[운영체제] Lock-based Concurrent Data Structures

전윤혁·2024년 12월 20일

OS

목록 보기

15/18

이전 글에서 Lock에 대해 상당히 자세히 알아봤다. 이번 글에서는 실제로 Lock을 Linked List, Queue, Hash Table 등의 자료 구조에 적용하여 thread-safe하게 만드는 방법을 알아볼 것이다. 그 과정에서 Correctness와 Performance를 모두 고려해보자.

1. Concurrent Counters

가장 먼저 Counter, 즉 단순히 공유 자원의 값을 올리거나 내리는 작업의 동시성을 생각해보자.

1) Concurrent Counters without Locks

typedef struct __counter_t {
	int value;
} counter_t;

void init(counter_t *c) {
	c->value = 0;
}

void increment(counter_t *c) {
	c->value++;
}

void decrement(counter_t *c) {
	c->value--;
}

int get(counter_t *c) {
	return c->value;
}

위는 Lock이 구현되지 않은 Counter 코드이다. 이렇게 작성될 경우 value의 값을 올리거나 내리는 과정에서 Race Condition이 발생할 수 있다.

2) Concurrent Counters with Locks

이번에는 단순히 Single Lock을 통해 Lock을 구현한 예시이다.

typedef struct __counter_t {
  int value;
  pthread_mutex_t lock;
} counter_t;

void init(counter_t *c) {
  c->value = 0;
  Pthread_mutex_init(&c->lock, NULL);
}

void increment(counter_t *c) {
  Pthread_mutex_lock(&c->lock);
  c->value++;
  Pthread_mutex_unlock(&c->lock);
}

void decrement(counter_t *c) {
  Pthread_mutex_lock(&c->lock);
  c->value--;
  Pthread_mutex_unlock(&c->lock);
}

int get(counter_t *c) {
  Pthread_mutex_lock(&c->lock);
  int rc = c->value;
  Pthread_mutex_unlock(&c->lock);
  return rc;
}

위와 같이 작성될 경우, 동시에 여러 스레드가 value에 접근하더라도 동시성이 보장된다.

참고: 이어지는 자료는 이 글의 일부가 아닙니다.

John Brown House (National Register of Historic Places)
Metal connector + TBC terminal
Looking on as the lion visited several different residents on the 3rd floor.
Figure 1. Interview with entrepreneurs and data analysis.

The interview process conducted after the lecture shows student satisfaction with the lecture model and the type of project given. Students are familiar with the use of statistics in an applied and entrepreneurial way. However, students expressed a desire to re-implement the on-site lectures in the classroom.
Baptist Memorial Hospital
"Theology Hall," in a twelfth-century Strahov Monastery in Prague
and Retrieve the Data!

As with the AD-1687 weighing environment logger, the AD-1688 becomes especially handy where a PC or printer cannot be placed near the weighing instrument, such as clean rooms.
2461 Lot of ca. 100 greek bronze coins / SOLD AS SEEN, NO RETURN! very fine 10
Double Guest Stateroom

하지만 위와 같이 한 개의 Lock을 통해 동시성을 보장하면 성능상 문제가 발생할 수 있다. 아래에서 성능 지표를 살펴보자.

3) Overhead of Simple Approach

위의 그래프를 살펴보면, 스레드의 수가 늘어남에 따라 Counter을 업데이트하는 시간(Time)이 점점 증가하는 것을 알 수 있다. 즉, Scalability(확장성)가 부족하다.

그 이유는 무엇일까? 앞서 설명한 것처럼 increment, decrement, get 모두 한 개의 Lock을 같이 사용하기 때문에, Lock에 대한 병목 현상이 일어나는 것이다.

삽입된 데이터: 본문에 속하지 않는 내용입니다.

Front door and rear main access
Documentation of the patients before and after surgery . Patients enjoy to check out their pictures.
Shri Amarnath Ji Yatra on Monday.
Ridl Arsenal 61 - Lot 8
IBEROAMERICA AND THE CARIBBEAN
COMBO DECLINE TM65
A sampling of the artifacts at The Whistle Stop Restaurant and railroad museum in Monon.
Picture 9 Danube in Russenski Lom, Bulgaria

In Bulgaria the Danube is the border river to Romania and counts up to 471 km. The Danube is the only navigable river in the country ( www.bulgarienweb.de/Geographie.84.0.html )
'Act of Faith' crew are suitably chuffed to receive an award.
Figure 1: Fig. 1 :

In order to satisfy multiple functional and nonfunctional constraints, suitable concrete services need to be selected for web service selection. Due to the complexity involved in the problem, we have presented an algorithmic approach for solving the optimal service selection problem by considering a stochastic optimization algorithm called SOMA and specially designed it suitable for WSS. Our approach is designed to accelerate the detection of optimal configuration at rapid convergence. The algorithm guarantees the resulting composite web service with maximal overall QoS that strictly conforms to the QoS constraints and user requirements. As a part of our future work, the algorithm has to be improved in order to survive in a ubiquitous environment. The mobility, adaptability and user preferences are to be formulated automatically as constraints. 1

따라서 지금부터 우리의 목표는 병렬 작업이 서로 간섭하지 않고 독립적으로 처리될 수 있는, Perfect Scaling을 구현하는 것이다.

4) Sloppy counter

앞선 그래프를 살펴보면 사실 Traditional과 Sloppy Counter 두 가지 방식의 성능을 비교하고 있는데, o로 표시되어 있는 Sloppy Counter 방식의 경우 스레드가 증가되더라도 일관된 성능을 보여주고 있다. 어떻게?

Sloppy Counter 방식을 간단히 설명하면, 각 스레드에서 매번 Global Lock을 획득하여 각각의 작업을 수행하는 대신, 주기적으로 로컬 작업의 결과를 한 번에 업데이트 하는 것이다. 이를 통해 Lock에 대한 경합이 현저히 줄어들게 된다.

Local Counter
각 CPU 코어가 자체적으로 값을 증가시키는 로컬 카운터.
Global Counter
로컬 카운터의 값이 주기적으로 통합되는 전체 카운터.

만약 특정 CPU 코어에서 실행되고 있는 스레드가 Counter의 값을 업데이트하려고 하면, 현재 CPU 코어의 로컬 카운터를 증가시킨다.

일정 임계값(S)이 도달하면, 로컬 카운터 값을 글로벌 카운터에 더한다. 이 과정은 Global Lock을 획득하여 진행한다. 이후, 로컬 카운터는 0으로 초기화된다.

여기서 임계값인 S란 Sloppiness를 의미하는데, local-to-global transfer의 주기에 따라 아래와 같은 차이가 생기게 된다.

The smaller S
Counter가 non-scalable counter와 유사하게 동작한다.
The bigger S
Counter의 확장성이 좋아지지만, global value와 실제 값과의 오차가 커질 수 있다.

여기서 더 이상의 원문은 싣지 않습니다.